The change in him is everywhere now. My son proudly displays a large Star of David on his backpack – a choice he made himself. He talks openly about Jewish holidays with classmates. During Passover, he brought kosher-for-Passover food to school and eagerly explained why. He dreams aloud about Israel – meeting his cousins in Tel Aviv, eating the food along the coast, hiking Masada, swimming, standing at the Western Wall. He speaks about Jewish life not with hesitation or self-consciousness, but with confidence.

That confidence matters now in a way it would not have a decade ago. He attends a secular school, and like most American Jewish children he moves through a world in which Jewish identity is one identity among many. Yet camp has helped make that identity something he embraces openly rather than privately.

As a professor, I spend much of my life thinking about education. We often focus on information: facts, concepts, theories, and ideas. Those things certainly matter. But education is also about formation: the shaping of habits, attachments, commitments, and ways of seeing the world.

Watching my son return from camp has reminded me of that distinction. Camp did not simply teach him more about Judaism. It helped form him as a Jew.

That formation happened through participation rather than instruction. Through songs and prayers. Through friendships and routines. Through living in a community where Jewish life was not an occasional activity but an everyday reality.

That, I increasingly believe, is what Jewish camp does so well. For a few weeks, Jewish life is not something children study. It is the culture itself. Shabbat is not a lesson; it is simply what everyone does. Hebrew is not an academic subject; it is part of daily life. Jewish traditions are not explained from a distance. They are lived.

And here is what I find most striking. His camp, Camp Yomi, is a day camp. My son came home every evening. There was no isolated campus and no complete immersion away from family life.

Yet camp still reshaped how he thought about Jewish life.

The lessons did not stay at camp. They came home with him – in the songs he sang, the Hebrew phrases he used, the questions he asked, and eventually in the way he approached Shabbat itself.
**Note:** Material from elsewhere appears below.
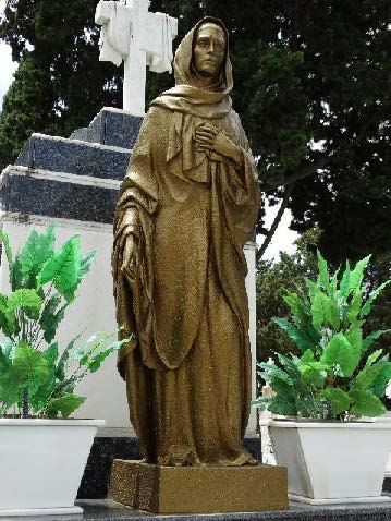 Aún cabe citar otro diseño de Ávalos en el camposanto emeritense. En la tumba Pirrongelli-Crollo (Fig. 7) se alza una reproducción con pátina dorada de la Virgen de la Soledad tallada por el artista en 1975 para un efectista paso de la Semana Santa malagueña (Bazán, 1996, pp. 245-248). Es un ejemplo de traslación religioso-funeraria que apreciaremos también en Hervás.

In recent years, much of Jewish communal life has been shadowed by fear. Parents worry about what their children will encounter in schools, on campuses, in workplaces, and across a culture that can feel newly hostile. Those fears are not imagined, and we cannot wish them away.

But a people does not endure because it understands what threatens it. A people endures because it understands what it loves.

Since October 7, much of Jewish life has understandably focused on defense. Yet defense alone cannot sustain a community. We can teach children about antisemitism. We can prepare them for hostility. We can explain the challenges they may face.

But we must also give them something they want to defend. A child who is only warned about antisemitism learns vigilance. A child who is given Shabbat, Hebrew, Israel, friendship, music, and community learns attachment. And attachment is what endures. That is harder to cultivate than vigilance. Yet I have watched camp accomplish it.

Like many parents, I expected camp to foster independence and confidence. I expected stories about games, friends, and adventures. I did not expect my son to come home talking about Shabbat. I certainly did not expect him to become the person reminding me.

Yet there are moments now when I look across the table and realize that something remarkable has happened. My son is no longer simply receiving the tradition. He is beginning to carry it.

As I prepare to send my children back to camp this summer – and as they move from Camp Yomi to overnight camps in the years ahead – I find myself grateful for institutions that still know how to nurture that kind of belonging.

My son knew Judaism before camp. Camp helped turn that knowledge into attachment. And for a people that worries so much about its future, that is no small gift.

Samuel J. Abrams is a professor of politics at Sarah Lawrence College and a senior fellow at the American Enterprise Institute.